SUPPLIED ENTRIES:
_ _ _

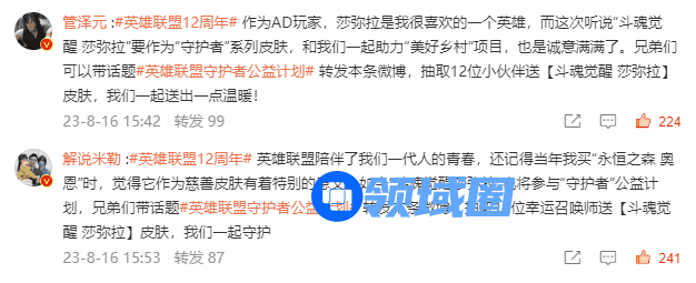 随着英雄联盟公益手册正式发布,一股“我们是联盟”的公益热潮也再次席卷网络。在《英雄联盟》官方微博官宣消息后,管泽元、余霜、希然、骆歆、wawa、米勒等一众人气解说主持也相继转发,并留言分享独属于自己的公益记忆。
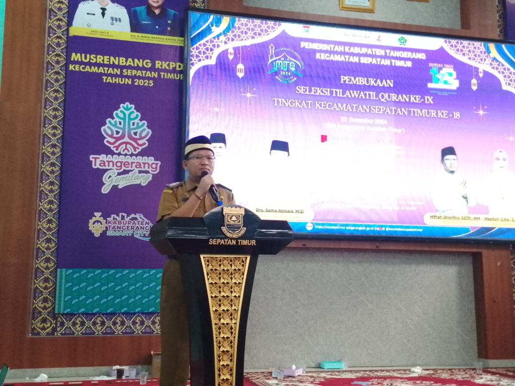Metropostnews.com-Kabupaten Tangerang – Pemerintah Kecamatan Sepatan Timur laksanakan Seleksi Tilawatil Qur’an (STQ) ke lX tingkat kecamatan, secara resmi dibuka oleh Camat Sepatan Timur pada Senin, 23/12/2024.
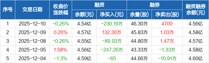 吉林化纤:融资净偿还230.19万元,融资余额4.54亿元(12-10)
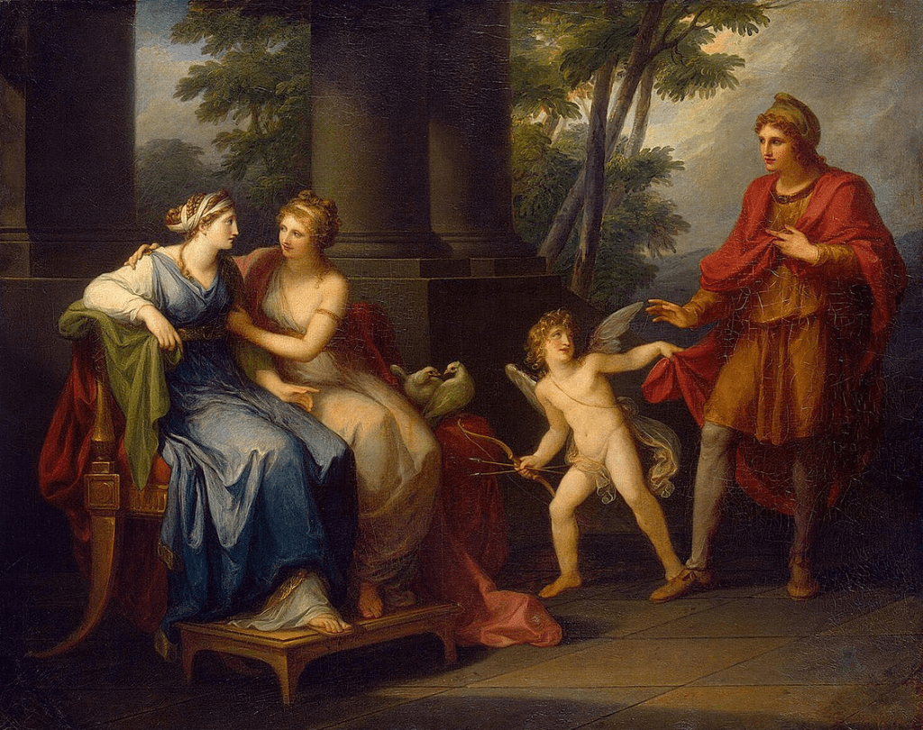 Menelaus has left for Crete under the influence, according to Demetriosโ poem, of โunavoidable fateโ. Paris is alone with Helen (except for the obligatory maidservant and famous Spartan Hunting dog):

_ _ _

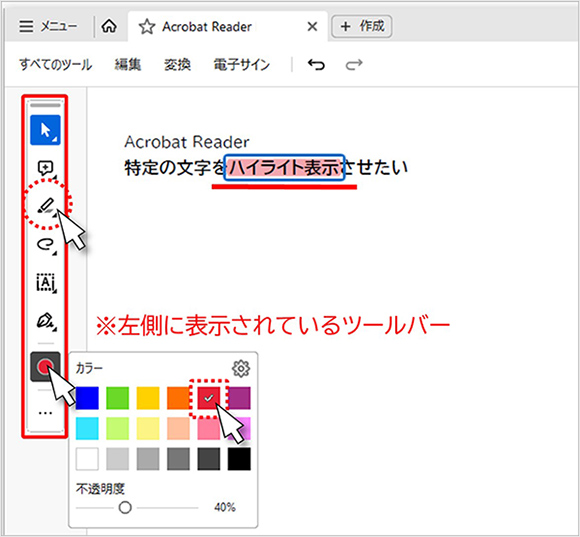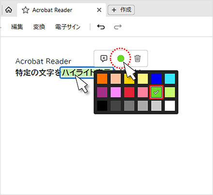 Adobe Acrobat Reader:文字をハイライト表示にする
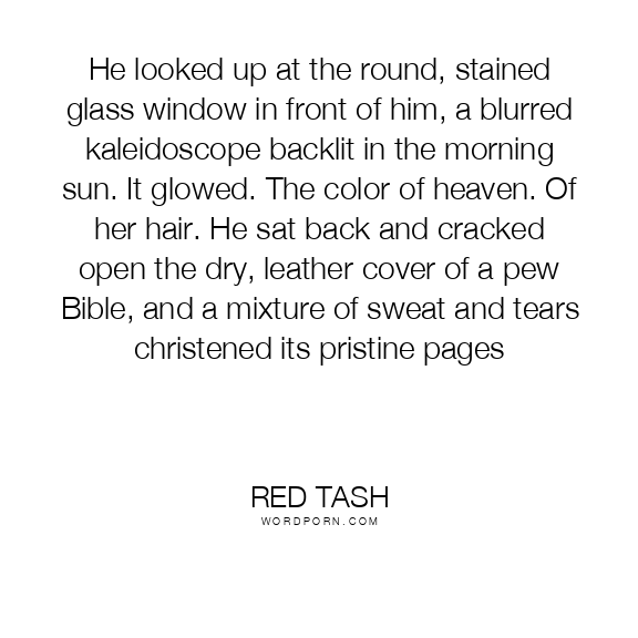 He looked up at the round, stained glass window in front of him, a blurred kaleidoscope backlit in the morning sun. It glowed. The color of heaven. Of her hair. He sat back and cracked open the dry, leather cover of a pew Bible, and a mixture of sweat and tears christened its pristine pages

_ _ _

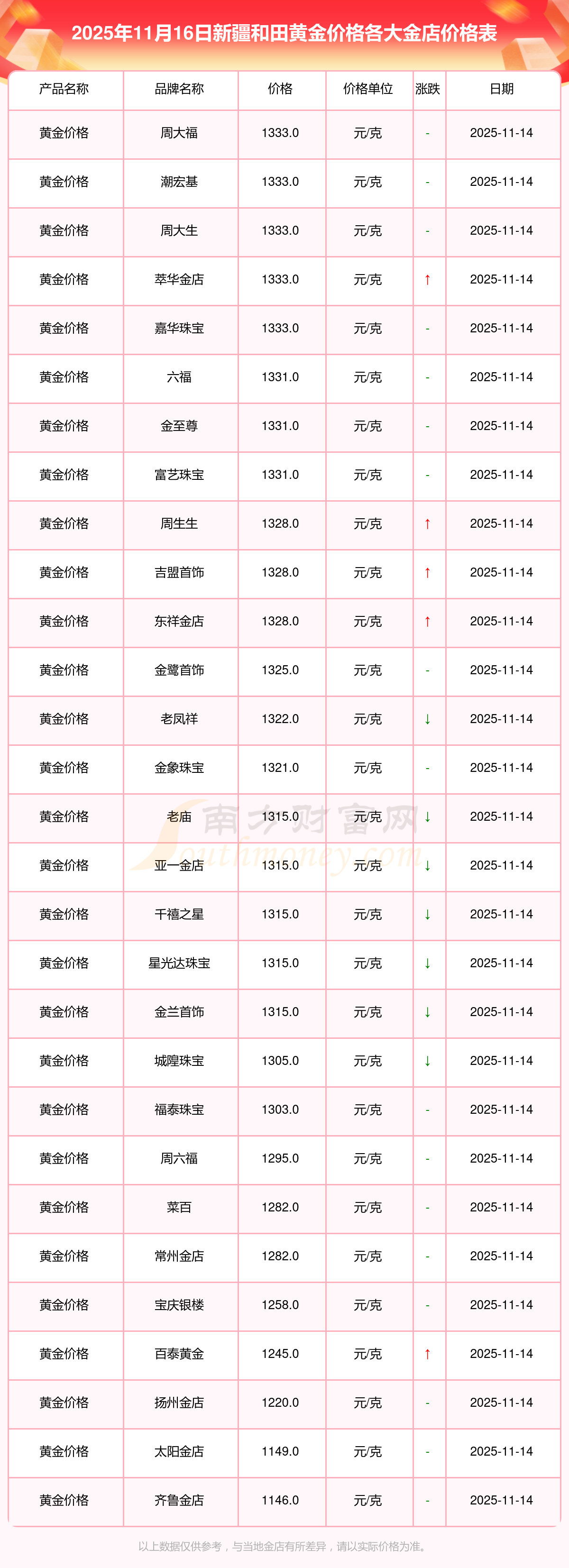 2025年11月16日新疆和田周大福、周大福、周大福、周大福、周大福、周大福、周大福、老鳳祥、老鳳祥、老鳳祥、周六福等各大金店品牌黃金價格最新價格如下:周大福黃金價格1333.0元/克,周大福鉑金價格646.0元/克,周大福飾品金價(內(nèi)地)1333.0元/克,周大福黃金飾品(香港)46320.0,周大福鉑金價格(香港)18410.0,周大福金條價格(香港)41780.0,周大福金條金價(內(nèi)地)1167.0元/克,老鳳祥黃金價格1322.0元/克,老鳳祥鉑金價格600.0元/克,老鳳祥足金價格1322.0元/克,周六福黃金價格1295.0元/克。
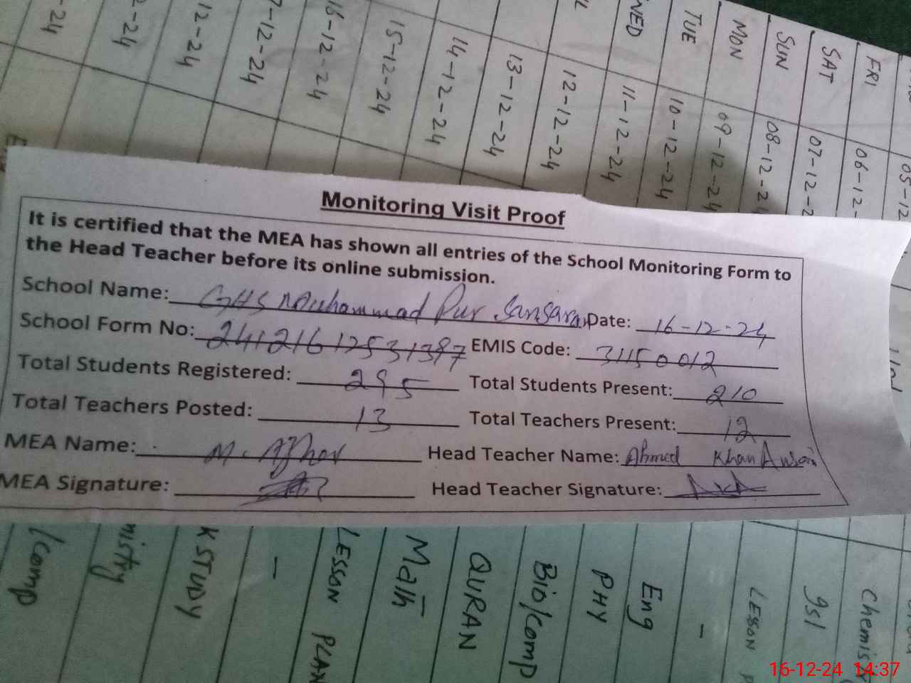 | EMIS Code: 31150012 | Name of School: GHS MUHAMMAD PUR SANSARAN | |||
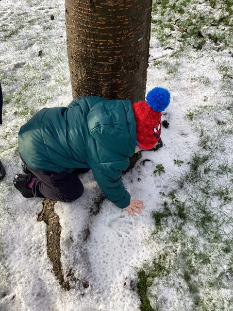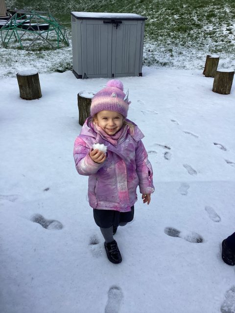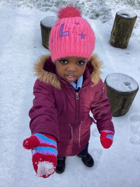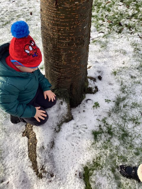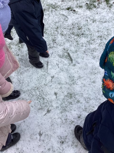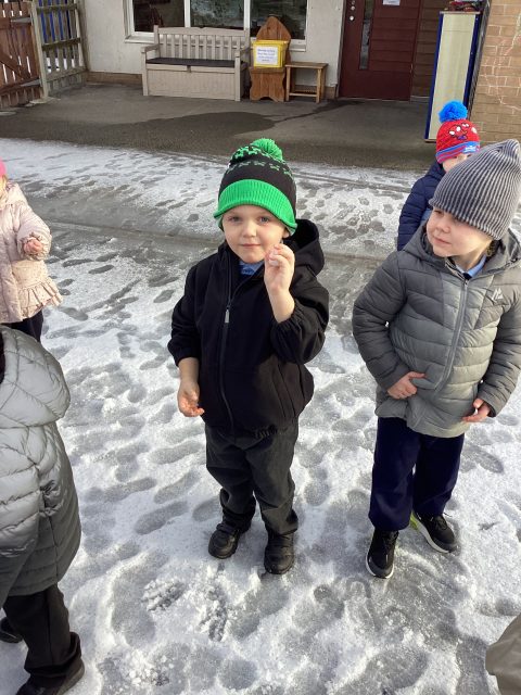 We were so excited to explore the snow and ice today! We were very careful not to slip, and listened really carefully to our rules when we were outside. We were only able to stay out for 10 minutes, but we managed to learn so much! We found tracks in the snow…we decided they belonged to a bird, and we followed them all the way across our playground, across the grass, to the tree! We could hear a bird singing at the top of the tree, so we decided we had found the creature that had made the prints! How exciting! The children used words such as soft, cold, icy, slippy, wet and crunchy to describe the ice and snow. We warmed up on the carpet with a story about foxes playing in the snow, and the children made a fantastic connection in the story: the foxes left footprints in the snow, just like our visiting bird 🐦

_ _ _

YOUR TASK: Go back to the listing above and write out the lines starting at the one with "2025年11月16日新疆和" and ending at the one with "SANSARAN | |||", inclusive, exactly and without pictures.

SOLUTION FOR THIS PROBLEM:
 2025年11月16日新疆和田周大福、周大福、周大福、周大福、周大福、周大福、周大福、老鳳祥、老鳳祥、老鳳祥、周六福等各大金店品牌黃金價格最新價格如下:周大福黃金價格1333.0元/克,周大福鉑金價格646.0元/克,周大福飾品金價(內(nèi)地)1333.0元/克,周大福黃金飾品(香港)46320.0,周大福鉑金價格(香港)18410.0,周大福金條價格(香港)41780.0,周大福金條金價(內(nèi)地)1167.0元/克,老鳳祥黃金價格1322.0元/克,老鳳祥鉑金價格600.0元/克,老鳳祥足金價格1322.0元/克,周六福黃金價格1295.0元/克。
 | EMIS Code: 31150012 | Name of School: GHS MUHAMMAD PUR SANSARAN | |||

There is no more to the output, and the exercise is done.